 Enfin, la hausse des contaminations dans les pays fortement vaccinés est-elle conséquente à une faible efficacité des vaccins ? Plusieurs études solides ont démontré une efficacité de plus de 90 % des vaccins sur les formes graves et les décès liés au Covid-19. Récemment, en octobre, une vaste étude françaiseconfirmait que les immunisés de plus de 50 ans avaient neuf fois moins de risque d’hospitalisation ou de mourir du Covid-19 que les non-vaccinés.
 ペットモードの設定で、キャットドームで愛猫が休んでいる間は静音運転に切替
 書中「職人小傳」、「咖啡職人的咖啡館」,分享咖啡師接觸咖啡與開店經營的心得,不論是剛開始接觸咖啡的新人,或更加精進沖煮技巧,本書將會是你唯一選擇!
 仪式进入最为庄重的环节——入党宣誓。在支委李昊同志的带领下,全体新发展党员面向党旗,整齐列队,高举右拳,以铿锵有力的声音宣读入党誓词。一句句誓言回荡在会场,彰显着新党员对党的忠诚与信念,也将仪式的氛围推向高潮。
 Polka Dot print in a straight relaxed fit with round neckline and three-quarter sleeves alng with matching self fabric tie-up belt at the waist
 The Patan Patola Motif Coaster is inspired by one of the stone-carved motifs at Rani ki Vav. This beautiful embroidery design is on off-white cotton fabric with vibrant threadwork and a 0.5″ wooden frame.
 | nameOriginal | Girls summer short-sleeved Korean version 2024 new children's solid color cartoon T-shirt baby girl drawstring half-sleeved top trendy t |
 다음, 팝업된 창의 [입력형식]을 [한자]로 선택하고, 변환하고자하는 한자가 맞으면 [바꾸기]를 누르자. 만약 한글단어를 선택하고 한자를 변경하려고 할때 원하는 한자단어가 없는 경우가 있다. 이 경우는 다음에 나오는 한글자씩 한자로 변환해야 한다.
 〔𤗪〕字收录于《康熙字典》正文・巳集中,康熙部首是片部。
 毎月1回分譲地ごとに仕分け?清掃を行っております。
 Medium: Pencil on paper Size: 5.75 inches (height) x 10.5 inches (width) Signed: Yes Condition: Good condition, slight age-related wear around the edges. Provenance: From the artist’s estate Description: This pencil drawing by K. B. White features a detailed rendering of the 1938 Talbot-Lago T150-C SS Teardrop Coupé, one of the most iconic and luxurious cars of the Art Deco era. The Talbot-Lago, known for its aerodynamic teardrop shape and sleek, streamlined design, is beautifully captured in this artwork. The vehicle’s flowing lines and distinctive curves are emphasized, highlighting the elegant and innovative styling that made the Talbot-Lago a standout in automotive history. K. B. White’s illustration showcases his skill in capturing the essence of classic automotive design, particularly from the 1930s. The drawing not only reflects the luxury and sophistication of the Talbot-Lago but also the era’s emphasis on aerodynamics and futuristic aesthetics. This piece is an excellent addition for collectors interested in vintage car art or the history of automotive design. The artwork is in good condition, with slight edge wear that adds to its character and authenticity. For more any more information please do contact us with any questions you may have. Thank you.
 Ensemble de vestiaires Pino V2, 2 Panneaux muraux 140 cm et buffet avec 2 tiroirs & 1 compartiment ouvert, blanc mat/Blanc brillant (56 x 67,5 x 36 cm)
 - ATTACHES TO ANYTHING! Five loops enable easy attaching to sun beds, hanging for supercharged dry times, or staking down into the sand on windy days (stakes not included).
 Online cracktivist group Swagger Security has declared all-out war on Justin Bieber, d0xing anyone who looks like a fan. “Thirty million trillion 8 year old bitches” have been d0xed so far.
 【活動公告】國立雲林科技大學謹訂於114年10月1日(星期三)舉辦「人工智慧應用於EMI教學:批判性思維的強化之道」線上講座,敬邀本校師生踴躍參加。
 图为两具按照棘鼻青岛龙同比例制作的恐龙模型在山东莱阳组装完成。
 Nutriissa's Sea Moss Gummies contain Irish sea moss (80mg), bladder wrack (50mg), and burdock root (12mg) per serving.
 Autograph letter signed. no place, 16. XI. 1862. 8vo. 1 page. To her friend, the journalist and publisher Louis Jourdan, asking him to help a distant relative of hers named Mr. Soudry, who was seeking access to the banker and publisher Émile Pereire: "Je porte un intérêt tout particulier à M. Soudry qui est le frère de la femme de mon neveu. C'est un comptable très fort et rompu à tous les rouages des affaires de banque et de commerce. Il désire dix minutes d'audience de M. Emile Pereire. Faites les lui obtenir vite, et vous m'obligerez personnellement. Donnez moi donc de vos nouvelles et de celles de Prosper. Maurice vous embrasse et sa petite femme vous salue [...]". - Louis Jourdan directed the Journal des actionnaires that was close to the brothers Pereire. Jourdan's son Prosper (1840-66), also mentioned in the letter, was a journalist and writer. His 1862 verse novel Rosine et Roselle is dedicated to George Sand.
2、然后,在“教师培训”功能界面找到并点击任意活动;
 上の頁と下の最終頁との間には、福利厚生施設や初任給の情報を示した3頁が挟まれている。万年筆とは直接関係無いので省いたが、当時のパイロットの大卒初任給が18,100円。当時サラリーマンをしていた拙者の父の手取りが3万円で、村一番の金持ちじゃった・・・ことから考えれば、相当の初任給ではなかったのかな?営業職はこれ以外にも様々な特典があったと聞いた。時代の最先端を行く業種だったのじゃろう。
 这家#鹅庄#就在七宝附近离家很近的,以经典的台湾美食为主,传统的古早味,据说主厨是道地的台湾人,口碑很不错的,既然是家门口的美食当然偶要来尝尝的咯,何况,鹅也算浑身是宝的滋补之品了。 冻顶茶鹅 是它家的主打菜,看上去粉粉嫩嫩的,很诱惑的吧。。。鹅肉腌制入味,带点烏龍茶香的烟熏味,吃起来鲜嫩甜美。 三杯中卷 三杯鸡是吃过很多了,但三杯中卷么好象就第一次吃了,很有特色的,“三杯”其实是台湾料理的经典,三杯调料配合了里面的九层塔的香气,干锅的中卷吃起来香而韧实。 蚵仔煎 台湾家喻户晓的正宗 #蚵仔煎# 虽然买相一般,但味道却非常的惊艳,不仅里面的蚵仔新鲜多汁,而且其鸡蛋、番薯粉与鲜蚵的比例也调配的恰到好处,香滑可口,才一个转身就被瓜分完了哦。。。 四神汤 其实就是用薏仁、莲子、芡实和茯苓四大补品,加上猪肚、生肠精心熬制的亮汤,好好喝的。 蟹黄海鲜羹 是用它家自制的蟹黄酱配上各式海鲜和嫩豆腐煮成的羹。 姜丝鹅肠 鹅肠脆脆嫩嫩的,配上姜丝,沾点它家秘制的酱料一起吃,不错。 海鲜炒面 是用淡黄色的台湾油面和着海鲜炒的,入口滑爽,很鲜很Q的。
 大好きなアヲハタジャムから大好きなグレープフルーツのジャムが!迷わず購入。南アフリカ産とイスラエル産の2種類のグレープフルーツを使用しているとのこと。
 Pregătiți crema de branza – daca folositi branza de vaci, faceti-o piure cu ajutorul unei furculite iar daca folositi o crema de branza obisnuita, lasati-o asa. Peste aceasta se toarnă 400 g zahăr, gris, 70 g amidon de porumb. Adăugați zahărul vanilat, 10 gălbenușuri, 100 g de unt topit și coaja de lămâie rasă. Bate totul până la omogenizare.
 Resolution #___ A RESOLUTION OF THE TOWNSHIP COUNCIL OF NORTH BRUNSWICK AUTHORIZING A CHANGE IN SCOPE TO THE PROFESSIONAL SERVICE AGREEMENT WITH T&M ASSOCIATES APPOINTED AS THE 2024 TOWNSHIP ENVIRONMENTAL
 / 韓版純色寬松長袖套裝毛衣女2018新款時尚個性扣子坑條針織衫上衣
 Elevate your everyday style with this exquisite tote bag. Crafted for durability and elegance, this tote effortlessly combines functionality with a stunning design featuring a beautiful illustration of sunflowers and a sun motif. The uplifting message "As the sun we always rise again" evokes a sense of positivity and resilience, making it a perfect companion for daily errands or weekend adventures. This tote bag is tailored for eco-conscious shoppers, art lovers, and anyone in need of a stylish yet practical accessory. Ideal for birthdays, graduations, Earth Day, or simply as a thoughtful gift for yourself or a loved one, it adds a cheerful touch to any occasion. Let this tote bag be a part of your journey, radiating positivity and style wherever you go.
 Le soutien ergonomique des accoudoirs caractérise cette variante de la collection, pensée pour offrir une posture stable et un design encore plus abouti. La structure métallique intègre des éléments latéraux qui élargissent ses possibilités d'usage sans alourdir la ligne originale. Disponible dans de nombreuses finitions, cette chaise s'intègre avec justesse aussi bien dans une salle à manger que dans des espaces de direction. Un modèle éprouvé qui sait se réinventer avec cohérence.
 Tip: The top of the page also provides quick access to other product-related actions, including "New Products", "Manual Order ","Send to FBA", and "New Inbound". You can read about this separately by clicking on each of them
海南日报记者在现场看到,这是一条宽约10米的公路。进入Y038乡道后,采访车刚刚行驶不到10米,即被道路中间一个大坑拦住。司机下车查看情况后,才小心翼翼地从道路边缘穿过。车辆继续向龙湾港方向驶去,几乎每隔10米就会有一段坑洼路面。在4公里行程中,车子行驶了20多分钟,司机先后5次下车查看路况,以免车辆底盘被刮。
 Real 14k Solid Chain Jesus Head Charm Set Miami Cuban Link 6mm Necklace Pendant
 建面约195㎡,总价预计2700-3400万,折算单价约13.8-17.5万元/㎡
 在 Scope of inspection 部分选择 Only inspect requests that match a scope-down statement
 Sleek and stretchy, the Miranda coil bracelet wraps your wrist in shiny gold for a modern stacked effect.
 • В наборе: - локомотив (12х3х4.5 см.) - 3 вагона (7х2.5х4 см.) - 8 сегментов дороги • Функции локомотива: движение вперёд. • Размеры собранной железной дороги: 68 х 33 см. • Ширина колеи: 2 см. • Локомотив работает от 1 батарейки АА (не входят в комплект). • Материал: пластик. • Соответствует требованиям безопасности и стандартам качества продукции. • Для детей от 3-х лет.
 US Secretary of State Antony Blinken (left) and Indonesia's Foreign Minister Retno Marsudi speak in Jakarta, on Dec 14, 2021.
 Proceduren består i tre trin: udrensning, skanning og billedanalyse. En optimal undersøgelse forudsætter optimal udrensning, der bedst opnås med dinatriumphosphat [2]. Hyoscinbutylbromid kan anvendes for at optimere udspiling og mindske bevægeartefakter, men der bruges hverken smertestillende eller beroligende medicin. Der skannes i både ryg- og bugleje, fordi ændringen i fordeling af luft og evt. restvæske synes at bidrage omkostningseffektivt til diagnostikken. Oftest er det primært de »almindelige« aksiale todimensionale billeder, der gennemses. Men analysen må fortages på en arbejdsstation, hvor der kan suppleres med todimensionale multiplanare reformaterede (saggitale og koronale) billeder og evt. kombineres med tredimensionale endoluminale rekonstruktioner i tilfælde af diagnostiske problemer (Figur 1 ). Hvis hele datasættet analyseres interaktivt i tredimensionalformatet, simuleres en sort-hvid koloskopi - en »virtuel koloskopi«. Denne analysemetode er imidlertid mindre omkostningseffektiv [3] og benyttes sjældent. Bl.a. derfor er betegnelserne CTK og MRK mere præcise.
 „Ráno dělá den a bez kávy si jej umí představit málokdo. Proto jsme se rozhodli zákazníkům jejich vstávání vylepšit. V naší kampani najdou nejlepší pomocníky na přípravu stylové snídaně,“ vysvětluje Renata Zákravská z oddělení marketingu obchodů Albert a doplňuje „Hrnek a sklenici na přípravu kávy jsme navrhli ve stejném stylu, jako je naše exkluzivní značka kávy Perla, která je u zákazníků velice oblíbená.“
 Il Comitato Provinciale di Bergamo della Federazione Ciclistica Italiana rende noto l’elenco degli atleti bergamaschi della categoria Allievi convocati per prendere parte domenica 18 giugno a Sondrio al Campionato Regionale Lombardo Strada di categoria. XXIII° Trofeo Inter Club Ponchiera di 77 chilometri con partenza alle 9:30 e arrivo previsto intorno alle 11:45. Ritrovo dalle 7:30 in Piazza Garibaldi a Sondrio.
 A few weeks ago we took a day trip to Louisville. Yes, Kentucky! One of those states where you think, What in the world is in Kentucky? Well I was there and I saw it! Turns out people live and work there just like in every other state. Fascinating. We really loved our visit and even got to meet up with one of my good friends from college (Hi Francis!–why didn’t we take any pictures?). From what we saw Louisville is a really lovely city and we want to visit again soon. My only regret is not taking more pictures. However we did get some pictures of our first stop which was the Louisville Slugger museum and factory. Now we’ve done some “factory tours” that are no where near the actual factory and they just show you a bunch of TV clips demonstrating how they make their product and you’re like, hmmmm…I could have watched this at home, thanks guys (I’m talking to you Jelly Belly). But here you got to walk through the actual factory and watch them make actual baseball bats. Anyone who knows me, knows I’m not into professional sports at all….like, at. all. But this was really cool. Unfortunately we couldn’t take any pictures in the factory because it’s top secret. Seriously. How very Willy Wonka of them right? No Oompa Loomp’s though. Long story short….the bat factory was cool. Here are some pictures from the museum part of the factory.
++++++++++++++++++++
> [Description of the task]
Your task for the entries above: copy exactly the span starting with the line with "от 3-х лет." and going on through the line with "US Secretary of", both lines included, and nothing else.

> [Worked solution]
 • В наборе: - локомотив (12х3х4.5 см.) - 3 вагона (7х2.5х4 см.) - 8 сегментов дороги • Функции локомотива: движение вперёд. • Размеры собранной железной дороги: 68 х 33 см. • Ширина колеи: 2 см. • Локомотив работает от 1 батарейки АА (не входят в комплект). • Материал: пластик. • Соответствует требованиям безопасности и стандартам качества продукции. • Для детей от 3-х лет.
 US Secretary of State Antony Blinken (left) and Indonesia's Foreign Minister Retno Marsudi speak in Jakarta, on Dec 14, 2021.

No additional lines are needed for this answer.